本源码为JDK8版本
HashMap的源码较简单,这里主要从源码解析下一些基本操作的原理。
静态常量
首先给出几个基本常量的值
/**
* The default initial capacity - MUST be a power of two
* 默认初始化容量为16(注意容量必须是2的次方)
*/
static final int DEFAULT_INITIAL_CAPACITY = 1 << 4; // aka 16
/**
* The maximum capacity, used if a higher value is implicitly specified
* by either of the constructors with arguments.
* MUST be a power of two <= 1<<30.
* 最大容量为2的30次方,指定容量大于此容量时,会等效于最大容量。
*/
static final int MAXIMUM_CAPACITY = 1 << 30;
/**
* The load factor used when none specified in constructor.
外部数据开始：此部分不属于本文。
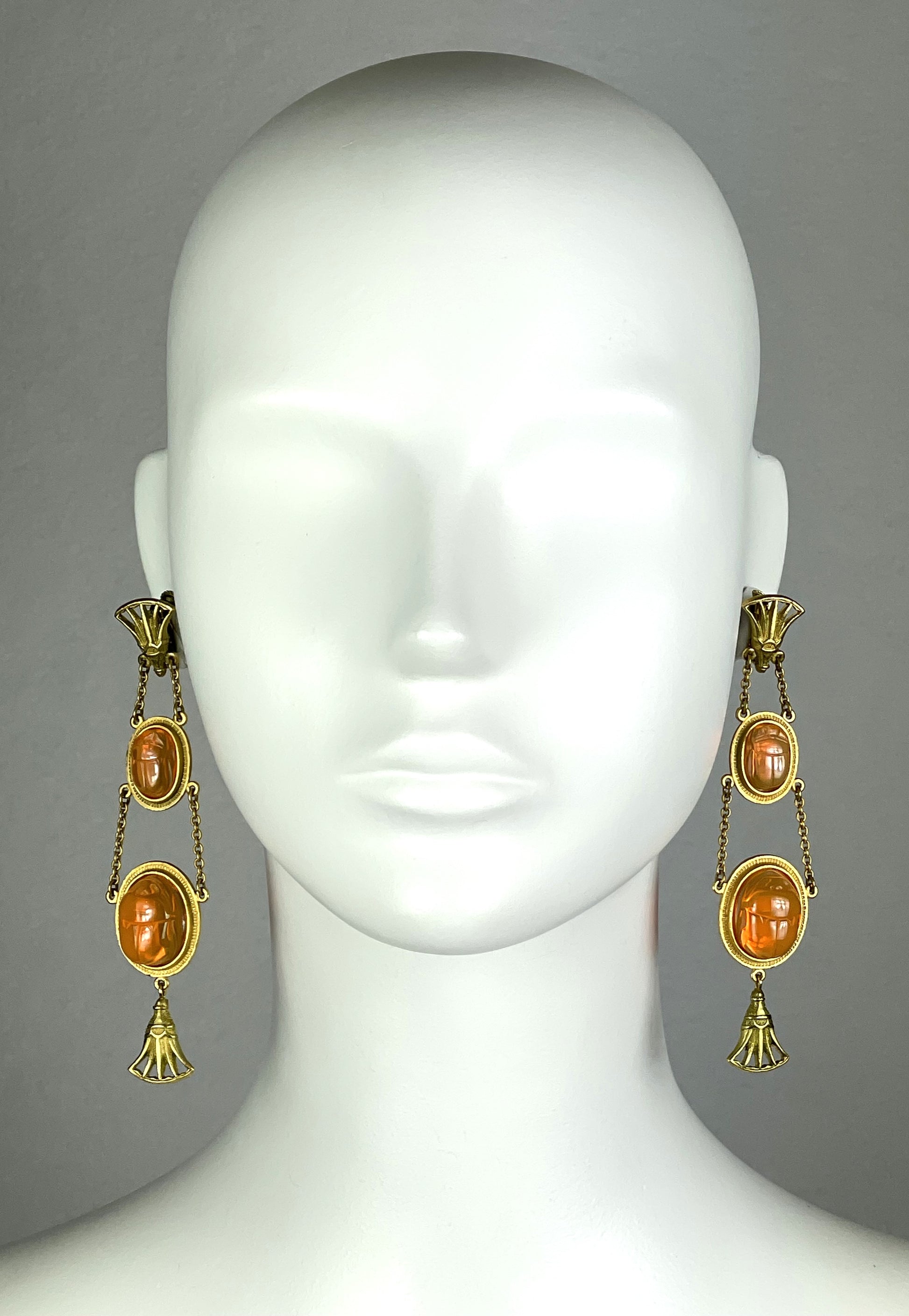 F/W 2001 Christian Dior by John Galliano Long Gold & Orange Egyptian Scarab Earrings

* 默认的装载因子,当size > loadFactor * capacity时会进行扩容
*/
static final float DEFAULT_LOAD_FACTOR = 0.75f;
/**
* The bin count threshold for using a tree rather than list for a
* bin. Bins are converted to trees when adding an element to a
* bin with at least this many nodes. The value must be greater
* than 2 and should be at least 8 to mesh with assumptions in
* tree removal about conversion back to plain bins upon
* shrinkage.
* 当链表的长度>=8,即转为红黑树
*/
static final int TREEIFY_THRESHOLD = 8;
/**
* The bin count threshold for untreeifying a (split) bin during a
* resize operation. Should be less than TREEIFY_THRESHOLD, and at
* most 6 to mesh with shrinkage detection under removal.
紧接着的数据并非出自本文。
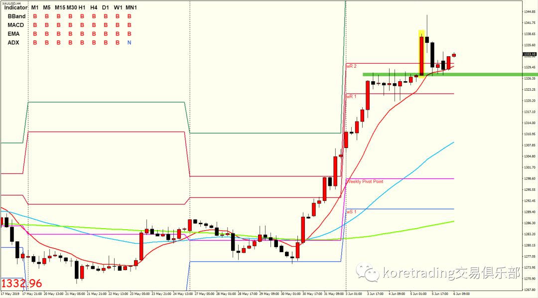 美国昨日公布5月私人企业新增职位仅增加2.7万,增幅远不及市场预期及前月的分别18万及27.1万,亦是自2010年3月以来最低。美国小非农数据远低于预期,加剧市场对中美贸易纷争对当地就业市场的影响,现市场正关注将周五公布的美国5月份就业报告,近期金价持续受到市场对美联储降息预期升温提振,加之国际贸易争端局势前景不明朗支撑黄金。黄金技术指标依旧全线偏多,10EMA大幅拉升,动能指标暗示黄金上行动力强劲,日周线图上可以看到汇价已经回到高位阻力区间,昨日金价再刷2.20日以来新高触及1340上方高点直逼年内高点1346水平。日图上突破并远离云层,日内回落有限并在1227/1228一带形成一定的支撑阻力互换。日内关注欧央行利率决议以及一系列美元数据。市场避险情绪重新吸引黄金买盘,料黄金短线急挫下行的可能性比较有限。交易上,黄金大概率仍将挑战前期高位,不过目前水平追多并不理想,建议投资人谨慎追多。如果高位遇阻走出日级以上反转形态,不如考虑高位的空单或者右侧破位下行后的空单入场更为稳妥。

* resize时将红黑树转为链表的threshold
*/
static final int UNTREEIFY_THRESHOLD = 6;
/**
* The smallest table capacity for which bins may be treeified.
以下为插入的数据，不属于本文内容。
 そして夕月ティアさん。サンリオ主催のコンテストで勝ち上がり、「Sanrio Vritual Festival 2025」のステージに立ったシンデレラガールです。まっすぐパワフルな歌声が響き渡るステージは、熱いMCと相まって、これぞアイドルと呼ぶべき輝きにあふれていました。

* (Otherwise the table is resized if too many nodes in a bin.)
* Should be at least 4 * TREEIFY_THRESHOLD to avoid conflicts
* between resizing and treeification thresholds.
* 链表转换为红黑树的最小容量(否则链表长度>=threshold时会直接resize)
*/
static final int MIN_TREEIFY_CAPACITY = 64;
基本节点类型
static class Node<K,V> implements Map.Entry<K,V> {
final int hash;//节点hash值
final K key;
V value;
Node<K,V> next;//next指针
Node(int hash, K key, V value, Node<K,V> next) {
this.hash = hash;
this.key = key;
this.value = value;
this.next = next;
}
//省略
}
计算hash值
static final int hash(Object key) {
int h;
return (key == null) ? 0 : (h = key.hashCode()) ^ (h >>> 16);
}
key.hashCode()即为key值原本的hash值,HashMap的hash方法是保持hash code的高16位不变,高16位与低16位做异或操作。注释解释是,因为已经使用红黑树来处理链表大量的碰撞,因此选择这种最cheap的方法来降低系统消耗,同时也对高位进行了操作(否则由于table的限制高位基本不会使用)。
基本变量
//transient在序列化对象时,变量不会序列化
//table数组
transient Node<K,V>[] table;
//缓存的entrySet()
transient Set<Map.Entry<K,V>> entrySet;
//HashMap的size大小
transient int size;
//对HashMap进行结构修改的次数
transient int modCount;
//当前table的最大容量(默认16)
int threshold;
//装载因子(默认0.75)
final float loadFactor;
HashMap初始化时,若未指定initialCapacity, loadFactor,会指定为默认值。
put操作
public V put(K key, V value) {
return putVal(hash(key), key, value, false, true);
}
这里传入了key的Hash值,hash方法如上。直接看putVal()方法。
final V putVal(int hash, K key, V value, boolean onlyIfAbsent,
boolean evict) {
Node<K,V>[] tab; Node<K,V> p; int n, i;
//若table为空,则先初始化table
if ((tab = table) == null || (n = tab.length) == 0)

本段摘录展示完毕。